Download all genomes in a single taxon¶
The basic form of the command is:
pyani download --email my.email@my.domain -t <TAXON_ID> -o <OUTPUT_DIRECTORY>
This instructs pyani
to use the download
subcommand to obtain all available genome assemblies below the taxon ID <TAXON_ID>
, passed with the -t
argument, and place the downloaded files - along with label and class information files created by pyani
in the subdirectory <OUTPUT_DIRECTORY>
, passed with the -o
argument.
For example, if we wished to download all available assemblies for the bacterium Pseudomonas flexibilis we would identify the taxon ID to be 706570, and use this as the argument to -t
, placing the output in a convenient subdirectory (e.g. genomes
, the argument to -o
), with the command:
$ pyani download --email my.email@my.domain -t 706570 -o genomes
GCF_900155995.1_IMG-taxon_2681812811_annotated_assembly_genomic.fna.gz: 2097152it [00:00, 3224293.90it/s]

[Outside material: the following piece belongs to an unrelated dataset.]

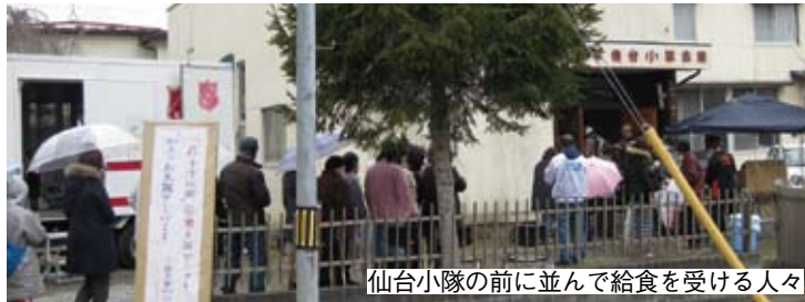
仙台小隊の前に並んで給食を受ける人々

GCF_900155995.1_IMG-taxon_2681812811_annotated_assembly_hashes.txt: 1048576it [00:00, 110097041.36it/s]
GCF_900101515.1_IMG-taxon_2596583557_annotated_assembly_genomic.fna.gz: 2097152it [00:00, 3125724.89it/s]
GCF_900101515.1_IMG-taxon_2596583557_annotated_assembly_hashes.txt: 1048576it [00:00, 55139621.76it/s]

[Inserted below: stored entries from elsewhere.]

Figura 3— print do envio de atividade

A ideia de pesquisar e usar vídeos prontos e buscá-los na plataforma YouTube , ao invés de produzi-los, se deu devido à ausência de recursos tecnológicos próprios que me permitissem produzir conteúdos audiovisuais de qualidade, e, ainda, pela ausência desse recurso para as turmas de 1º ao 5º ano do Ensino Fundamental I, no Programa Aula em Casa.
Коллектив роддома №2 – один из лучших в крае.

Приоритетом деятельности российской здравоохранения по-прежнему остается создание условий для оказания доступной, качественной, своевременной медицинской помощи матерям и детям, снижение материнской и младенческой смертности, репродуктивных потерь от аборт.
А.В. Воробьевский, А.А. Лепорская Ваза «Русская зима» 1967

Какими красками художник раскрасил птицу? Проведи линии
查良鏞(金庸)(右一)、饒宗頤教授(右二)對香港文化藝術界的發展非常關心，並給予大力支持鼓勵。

GCA_001312105.1_ASM131210v1_genomic.fna.gz: 1048576it [00:00, 1519534.52it/s]
GCA_001312105.1_ASM131210v1_hashes.txt: 1048576it [00:00, 272426072.29it/s]
GCF_000806415.1_ASM80641v1_genomic.fna.gz: 2097152it [00:00, 3097667.41it/s]
GCF_000806415.1_ASM80641v1_hashes.txt: 1048576it [00:00, 129632638.05it/s]
GCF_000802425.1_ASM80242v1_genomic.fna.gz: 2097152it [00:00, 2973018.02it/s]
GCF_000802425.1_ASM80242v1_hashes.txt: 1048576it [00:00, 233590743.10it/s]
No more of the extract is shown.